An academic discovers the realities of design

Donald Norman, Apple Computer

Seminar on People, Computers, and Design
Stanford University December 2, 1994


We are indeed in the midst of a most interesting technological revolution, one which joins communication, computation, and entertainment. Things are moving rapidly, and in another century, the way we live our lives will have been transformed rather dramatically, perhaps equivalent to the past one hundred years in which my parents, for example, started in a world where horses were the main transportation, the telephone was not in widespread use, and people rarely traveled more than a few miles from their homes during their entire lives.

Today, in HCI courses around the world, we worry about the details of today's technology. We have lofty theories, lofty ideas. But what is the relationship between the ideals of the world of academics and of design and the world of industry? Hmm. Why do you think there should be any relationship?

The world of industry is driven by the business model: what sells. Indeed, my current standard talk to conferences is entitled: "Trends in the Computer Industry: Life-Long Subscriptions, Magical Cures, and the Search for Profits Along the Information Highway"

So in this talk, let me tread a dangerous walk along the boundary between hope and despair. One the one hand, I will argue that artifacts of technology can indeed make us smart, that we are in the midst of most interesting times. On the other hand, I will also argue that those in power are primarily driven by their perception of the marketplace, that if we are not careful, hollywood standards will dominate the information industry -- low standards in culture, low standards in content, high standards in glitter, and a price for everything.
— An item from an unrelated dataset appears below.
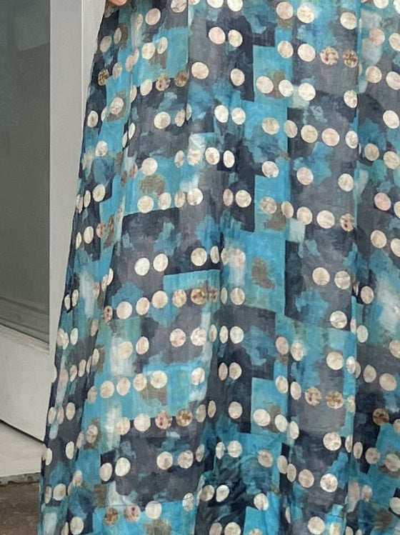 Jiva 50's Dress - Blue Square/ Beige Spot Print - Ramie

Is there a positive side to this? yes. But it will require consierable change, including reorganizing how companies develop product. The theory of HCI is the easy part: restructuring the industry so that our dreams can actually occur is the hard part.


Donald A. Norman is an Apple Fellow at Apple Computer and Professor Emeritus at the University of California, San Diego where he was founding chair of the department of Cognitive Science. He was one of the founders of the Cognitive Science Society and has been chair of the society and editor of its journal, Cognitive Science. He is a fellow of the American Academy of Arts and Sciences.

"The technological problems today," says Norman, "are sociological and organizational as much as technical. In this new age of portable, powerful, fully-communicating tools, it is ever more important to develop a humane technology, one that takes into account the needs and capabilities of people." Norman is the author of the book "The Design of Everyday Things." His most recent books are "Turn Signals Are the Facial Expressions of Automobiles" and "Things That Make Us Smart." All three books are now available on a Voyager CD-ROM - Defending human attributes in the age of the machine - complete with video talks, demonstrations, collected papers, and even examinations.